Andrew Yeomans, who occasionally posts comments to this blog, sent me some very thoughtful comments in response to my entry on the proposals in the Digital Britain Interim Report for a Rights Agency. He believes it will be difficult to avoid, with the amount of well-funded vested interest in exploiting copyright.


But those vested interests would need heads knocking together to force them into the new world. He doubted that many people understood the technical meaning of the “compulsory licence” which would do the head banging. He also felt that ensuring proportionality of fees would remain a challenge.


He suggested looking at putting *all* copyrighted material within the scope of the Rights Agency, even stuff the current rights holders don’t try to monetise. He’d not seen recent figures, but guessed that in terms of bytes transferred (one possible “fair” metric 😉 software downloads would be worth a fair bit. Rather less than iPlayer, P2P movie transfer, maybe comparable to audio. Some 2006 stats from Google gave 61.4% video, 11.3% audio, 27.2% software+games.

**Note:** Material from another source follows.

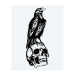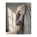 Un corbeau sombre trône fièrement sur un crâne, gardant les secrets de la nuit. Ce tatouage noir exprime mystère et force, tel un observateur silencieux dans l'ombre.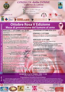 Un mese di iniziative, incontri ed approfondimenti in nome della prevenzione ed informazione sul tumore al seno, e non solo. Torna l’’Ottobre Rosa’ a Cisterna, quest’anno con un calendario ancora più ricco di appuntamenti. Organizzato dalla Consulta delle Donne in collaborazione con la Pro Loco, il Comune di Cisterna e con l’Ordine dei Medici Chirurghi e degli Odontoiatri della Provincia di Latina, la manifestazione – giunta alla sua quinta edizione – verrà inaugurata il 1°ottobre alle ore 20 con la tradizionale accensione in rosa della Dea Feronia in Piazza XIX Marzo. Con il patrocinio della Provincia di Latina, della ASL, dell’ A.N.D.O.S. di Aprilia, Velletri e Latina, della LILT, della Croce Rossa e Breast Unit, l’Ottobre Rosa 2019 sarà all’insegna del coinvolgimento a tutto tondo, partendo dalla volontà della Consulta di costruire una rete territoriale utile per tutta la cittadinanza, comprese le fasce più giovani, a partire dal diretto interessamento di medici ed associazioni specializzate. Grande attenzione per l’appuntamento del 6 ottobre, dalle ore 10 presso Palazzo Caetani. Si inizierà con la colazione offerta dalla Consulta e la presentazione nel dettaglio dell’Ottobre Rosa. Seguiranno poi i saluti delle istituzioni e l’avvio della tavola rotonda che affronterà i vari step della malattia, dalla prevenzione alla diagnosi fino alla cura, coinvolgendo gli attori essenziali per una efficiente rete territoriale, che daranno il loro supporto ed indirizzo e racconteranno le proprie esperienza. Durante quella mattinata sarà possibile prenotare in loco le visite di screening e prevenzione. Inoltre, novità di quest’anno, sarà possibile per specifiche esigenze effettuare ecografie e prenotare mammografie. Con un occhio anche alla prevenzione maschile, altra novità assoluta è rappresentata dalla possibilità di prenotare visite urologiche per gli uomini. E siccome non è mai troppo presto per imparare a fare prevenzione, la Consulta in collaborazione con la ASL Latina ha organizzato anche un’iniziativa dedicata esclusivamente ai ragazzi e ai loro genitori sul tema del Papilloma Virus, prevista per il 16 ottobre presso il Liceo Ramadù. “La prevenzione, l’informazione e quindi la diagnosi precoce – commenta il Sindaco, Mauro Carturan – restano per ora le cure più efficaci contro il tumore al seno. Per questo l’iniziativa portata avanti sul nostro territorio comunale dalla Consulta delle Donne di Cisterna è preziosa e va sostenuta. Mi auguro che le nostre concittadine partecipino a tutti gli eventi in programma e che contribuiscano alla diffusione del messaggio di sensibilizzazione”. “Possiamo dire con soddisfazione di aver centrato l’obiettivo che ci eravamo prefisse già dallo scorso anno, ovvero quello di farci promotrici e costituire una vera e propria rete territoriale utile, per le donne e non solo, alla prevenzione ed informazione – afferma Alessandra Pontecorvi, Presidente della Consulta delle Donne di Cisterna -. L’Ottobre Rosa quest’anno è un intero mese a servizio della città, e ciò non sarebbe stato possibile senza il supporto organizzativo dell’Ordine dei Medici e dalla ASL, che ringrazio sin da subito. Così come ringrazio sentitamente tutti i medici che hanno dato disponibilità per effettuare le visite nel corso del mese e che prestano gratuitamente il loro servizio. Queste collaborazioni ci hanno permesso di rendere più completo e differenziato il percorso di visite e screening che offriamo alle donne. E anche se l’Ottobre Rosa nasce come evento di sensibilizzazione alla prevenzione al tumore al seno, quest’anno abbiamo voluto estendere il concetto di prevenzione anche agli uomini, con la possibilità di prenotare visite urologiche, ed ai ragazzi con una giornata sul Papilloma Virus. Insomma sarà un mese dedicato proprio a tutti, per questo invito la cittadinanza a partecipare numerosa”.

He suspected the majority of this would be outside the scope of the current rights holders (such as RIAA + MPAA), and could catalyse a radical redistribution of rewards. There could be interesting debate on what would happen if the BBC were to be funded by (a new) P2P copyright fee redistribution rather than the licence. Or if ISP subscribers had a £10 per month royalty fee, but had rebates if the material they posted to Flick and YouTube were heavily downloaded. Or if Open Source projects were funded from royalties.


Finding a acceptable digital sampling methods would still be a challenge. P2P monitoring is contentious and can be spoofed. He wondered if a voluntary scheme such as the TV viewing stats would work.


So, taking an optimistic (rather than realistic!) view, he felt that radical Rights Agency could positively transform Digital Britain. By how to get it would be another question…..


His submission to the Digital Britain consultation was:


“Thank you for the opportunity to comment on the “Digital Britain” report.

I am especially concerned about the economic assumptions made in section 3.1. I completely agree that the UK content creation sector has many strengths and advantages that should be nurtured. However the report fails to clearly distinguish between activities that *create value*, namely actual creation of content, and those which *transfer revenue*, such as royalty collection.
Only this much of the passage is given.